Dimopoulos Meletios, Sanz Ramon Garcia, Lee Hui-Peng, Trneny Marek, Varettoni Marzia, Opat Stephen, D'Sa Shirley, Owen Roger G, Cull Gavin, Mulligan Stephen, Czyz Jaroslaw, Castillo Jorge J, Motta Marina, Siddiqi Tanya, Gironella Mesa Mercedes, Granell Gorrochategui Miquel, Talaulikar Dipti, Zinzani Pier Luigi, Askari Elham, Grosicki Sebastian, Oriol Albert, Rule Simon, Kloczko Janusz, Tedeschi Alessandra, Buske Christian, Leblond Veronique, Trotman Judith, Chan Wai Y, Michel Jan, Schneider Jingjing, Tan Ziwen, Cohen Aileen, Huang Jane, Tam Constantine S
Department of Clinical Therapeutics, National and Kapodistrian University of Athens, Athens, Greece.
Hospital Universitario de Salamanca, Salamanca, Spain.
Blood Adv. 2020 Dec 8;4(23):6009-6018. doi: 10.1182/bloodadvances.2020003010.

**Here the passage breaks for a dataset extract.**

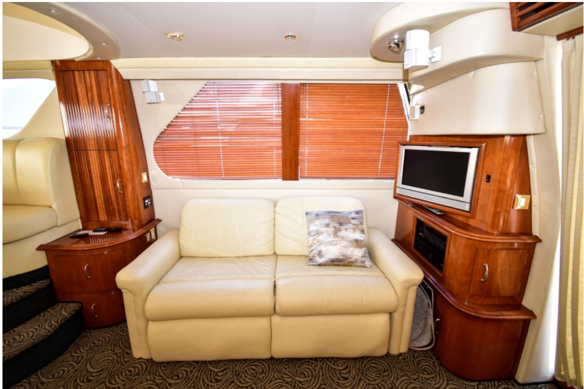
Carver 46 Voyager 2003 Dos Locos

Patients with Waldenström macroglobulinemia (WM) lacking activating mutations in the MYD88 gene (MYD88WT) have demonstrated relatively poor outcomes to ibrutinib monotherapy, with no major responses reported in a phase 2 pivotal study. Zanubrutinib is a novel, selective Bruton tyrosine kinase (BTK) inhibitor designed to maximize BTK occupancy and minimize off-target activity. The ASPEN study consisted of a randomized comparison of zanubrutinib and ibrutinib efficacy and safety in patients with WM who have the MYD88 mutation, as well as a separate cohort of patients without MYD88 mutation (MYD88WT) or with unknown mutational status who received zanubrutinib. Results from the latter single-arm cohort are reported herein. Efficacy endpoints included overall, major and complete (CR) or very good partial response (VGPR) rates, progression-free survival (PFS), duration of response (DOR), and overall survival (OS). Twenty-eight patients (23 relapsed/refractory; 5 treatment-naïve) were enrolled, including 26 with centrally confirmed MYD88WT disease and 2 with unknown MYD88 mutational status. At a median follow-up of 17.9 months, 7 of 26 MYD88WT patients (27%) had achieved a VGPR and 50% a major response (partial response or better); there were no CRs. At 18 months, the estimated PFS and OS rates were 68% and 88%, respectively, while the median DOR had not been reached. Two patients discontinued zanubrutinib due to adverse events. Treatment-emergent hypertension, atrial fibrillation, and major hemorrhages were reported in 3, 1 and 2 patients (including 1 concurrent with enoxaparin therapy), respectively. Results of this substudy demonstrate that zanubrutinib monotherapy can induce high quality responses in patients with MYD88WT WM. This trial is registered on www.clinicaltrials.gov as NCT #03053440.
缺乏MYD88基因激活突变(MYD88WT)的华氏巨球蛋白血症(WM)患者对伊布替尼单药治疗的预后相对较差,在一项2期关键研究中未报告有主要反应。泽布替尼是一种新型的选择性布鲁顿酪氨酸激酶(BTK)抑制剂,旨在最大程度地提高BTK占有率并最小化脱靶活性。ASPEN研究包括对泽布替尼和伊布替尼在携带MYD88突变的WM患者中的疗效和安全性进行随机比较,以及一个单独的队列,该队列中的患者没有MYD88突变(MYD88WT)或突变状态未知,他们接受了泽布替尼治疗。本文报告了后一个单臂队列的结果。疗效终点包括总缓解率、主要缓解率和完全缓解(CR)或非常好的部分缓解(VGPR)率、无进展生存期(PFS)、缓解持续时间(DOR)和总生存期(OS)。入组了28例患者(23例复发/难治性患者;5例初治患者),其中26例经中心确认患有MYD88WT疾病,2例MYD88突变状态未知。在中位随访17.9个月时,26例MYD88WT患者中有7例(27%)达到了VGPR,50%达到了主要缓解(部分缓解或更好);无CR病例。在18个月时,估计的PFS率和OS率分别为68%和88%,而中位DOR尚未达到。2例患者因不良事件停用泽布替尼。分别有3例、1例和2例患者报告了治疗中出现的高血压、房颤和大出血(包括1例与依诺肝素治疗同时发生)。该亚组研究结果表明,泽布替尼单药治疗可在MYD88WT WM患者中诱导高质量的缓解。该试验已在www.clinicaltrials.gov上注册,注册号为NCT #03053440。